New ice cream parlour brings a taste of Paradise to Barter Books in Alnwick

It may be mid-winter but Barter Books has decided the time is right to launch a new ice cream parlour.

Thursday, 9th January 2020, 4:45 pm
Updated Friday, 10th January 2020, 5:57 pm
The new ice cream parlour, far right, at Barter Books.
The new ice cream parlour, far right, at Barter Books.

Paradise @barterbooksuk has opened in a vacant part of Alnwick’s former railway station, now home to one of the largest second-hand bookstores in Europe.

“There can’t be many businesses in the UK which would open an ice cream parlour in January,” joked Mary Manley, who runs the business with her husband Stuart.

The opportunity came about when an antiques shop in a small corner of the premises closed.

Paradise @barterbooksuk

“We were asked if we wanted to rent it so we went away and had a think about what might work,” explained Mary.
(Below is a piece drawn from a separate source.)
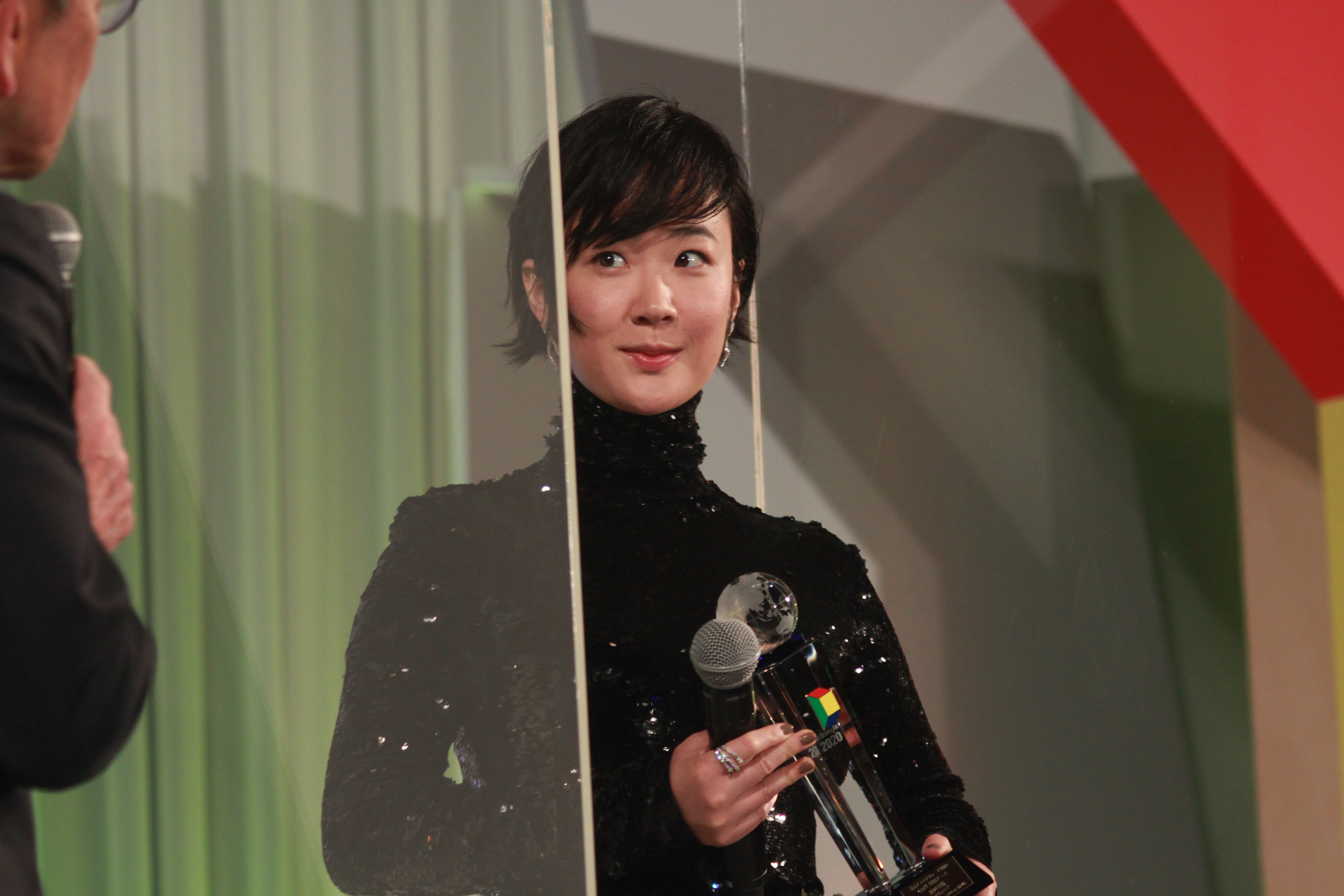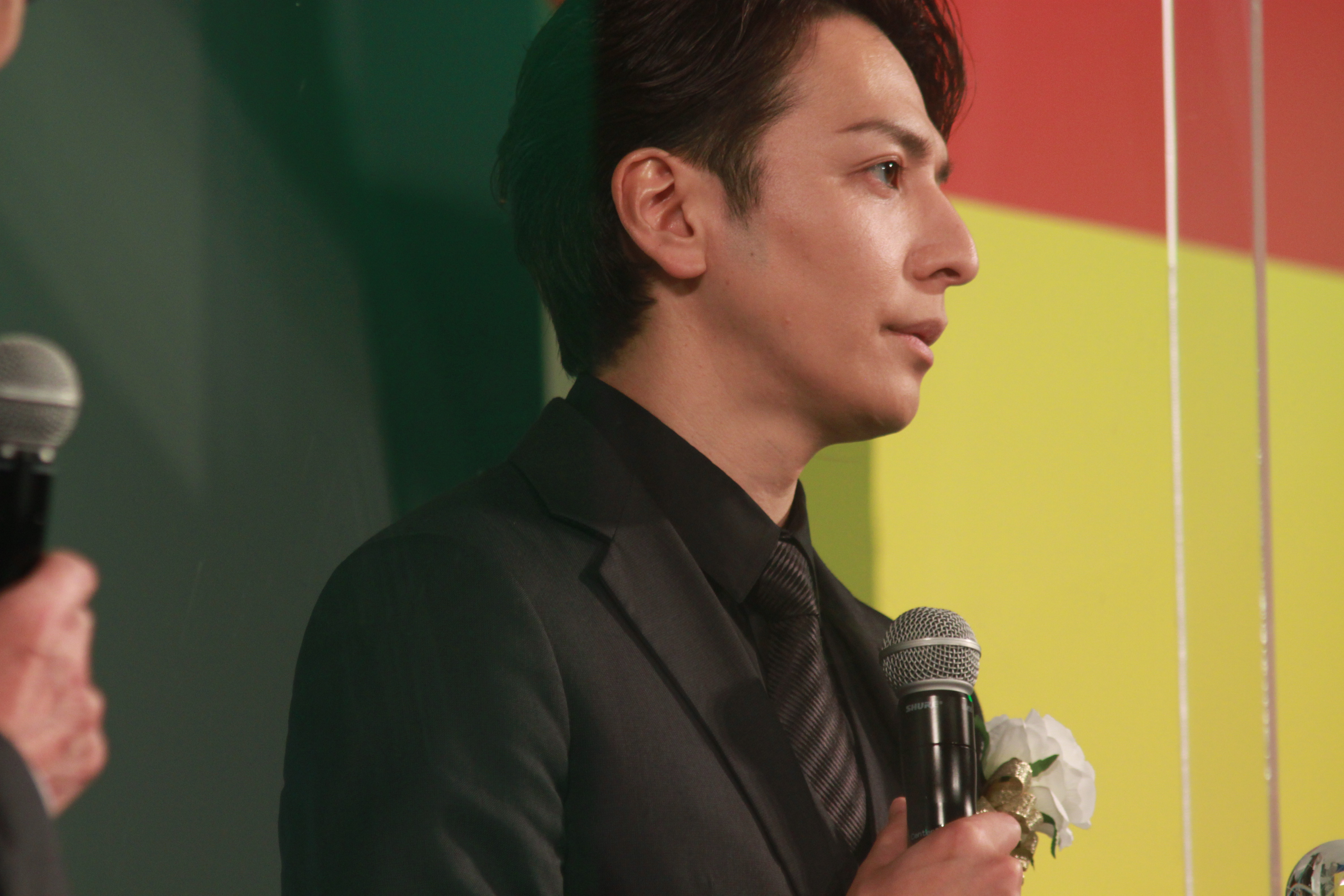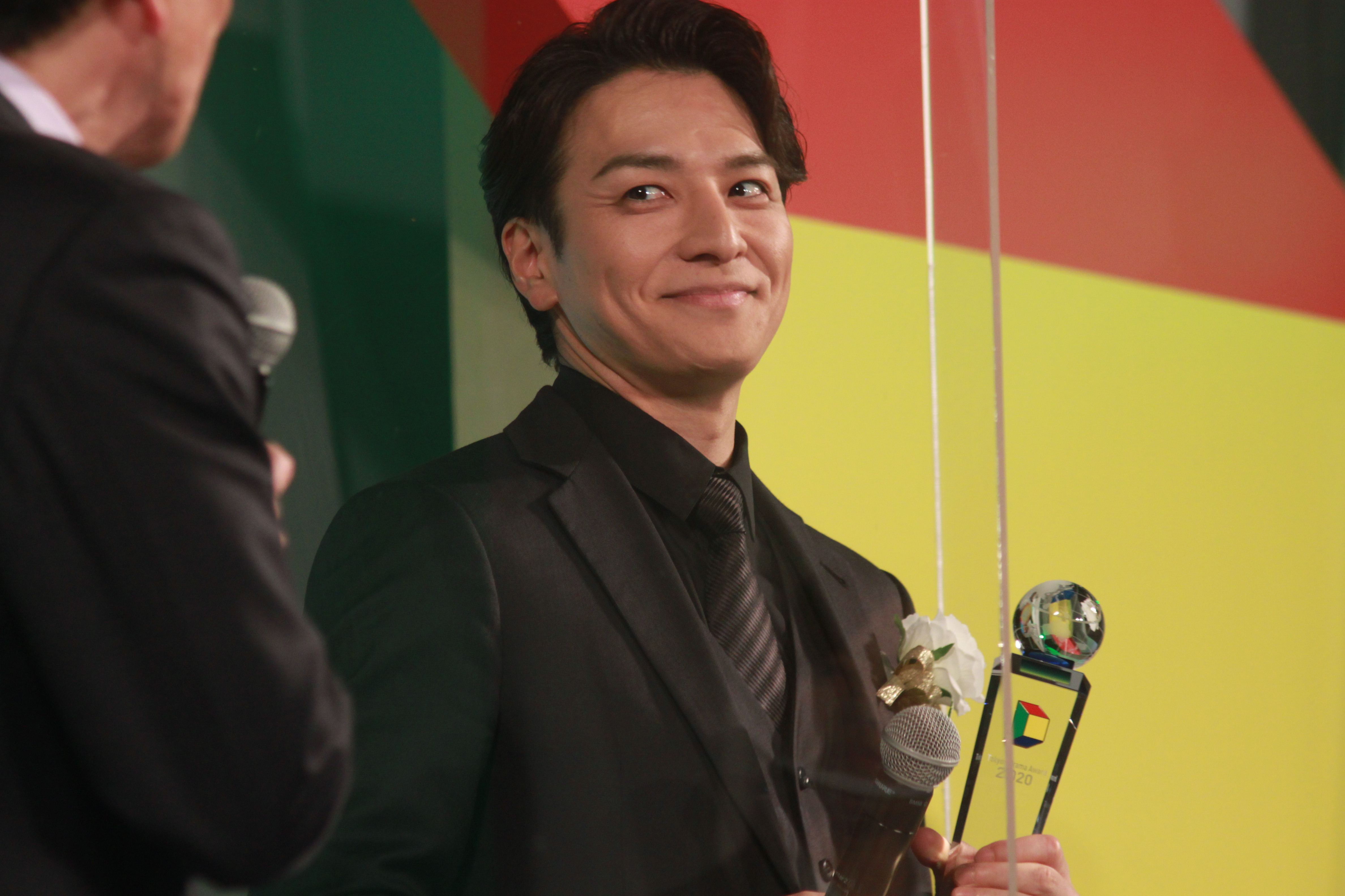 受賞への感謝の言葉と共に、「現場は押しています」の一言で会場を笑わせていました。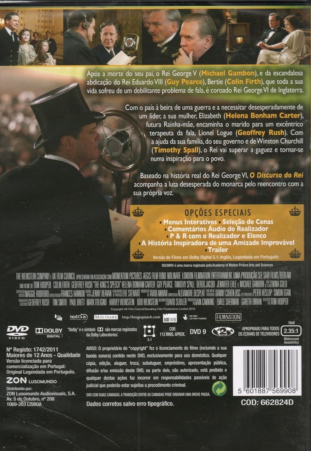 Descubre 'O Discurso do Rei', la aclamada película ganadora de 4 premios Oscar, incluyendo Mejor Película y Mejor Director. Esta cautivadora historia verdadera, disponible en DVD con audio en inglés y subtítulos en portugués, sigue la extraordinaria travesía de un monarca que debe superar su impedimento del habla en una época crucial. La película cuenta con un elenco estelar y presenta una narrativa conmovedora sobre superación personal y amistad improbable. El DVD incluye características especiales como menús interactivos, selección de escenas, comentarios de audio del director, y un documental sobre la inspiradora historia detrás de la película. Con una duración aproximada de 113 minutos, esta versión distribuida por ZON Lusomundo ofrece una experiencia cinematográfica de alta calidad en formato DVD 9 con sonido Dolby Digital 5.1. Clasificada para mayores de 12 años, esta obra maestra del cine británico combina magistralmente el drama histórico con momentos de humor y emoción.

“We hadn’t had any plans to expand at that point because we’re as big as we want to be.

“We didn’t want to expand the book side of the business and also have the Station Buffet already but it was an opportunity we didn’t want to miss out on so we came up with the idea of ice cream.”

Extensive taste tests were undertaken to decide which ice cream to stock.

Barter Books, Alnwick

They eventually plumped for Stocksfield-based Wheelbirks, home to the oldest pedigree Jersey herd in Northumberland.

“They are known for producing a very creamy, milky ice cream and we thought it was just really good so we went for that,” said Mary. “There were others that were also really nice but we liked that one best.”

The parlour, on the right hand side of the facade when approaching the main entrance, consists of a serving area and sitting room.

They are also selling coffee, tea, soft drinks and cakes from it.

“It’s very small but we like to think it’s good,” said Mary. “We look forward to people coming to give it a try, especially when the weather gets a bit warmer!”

Barter Books opened in 1991 and attracts some 350,000 visitors a year.

It was in use as a railway station until the closure of the Alnwick branch line in 1968.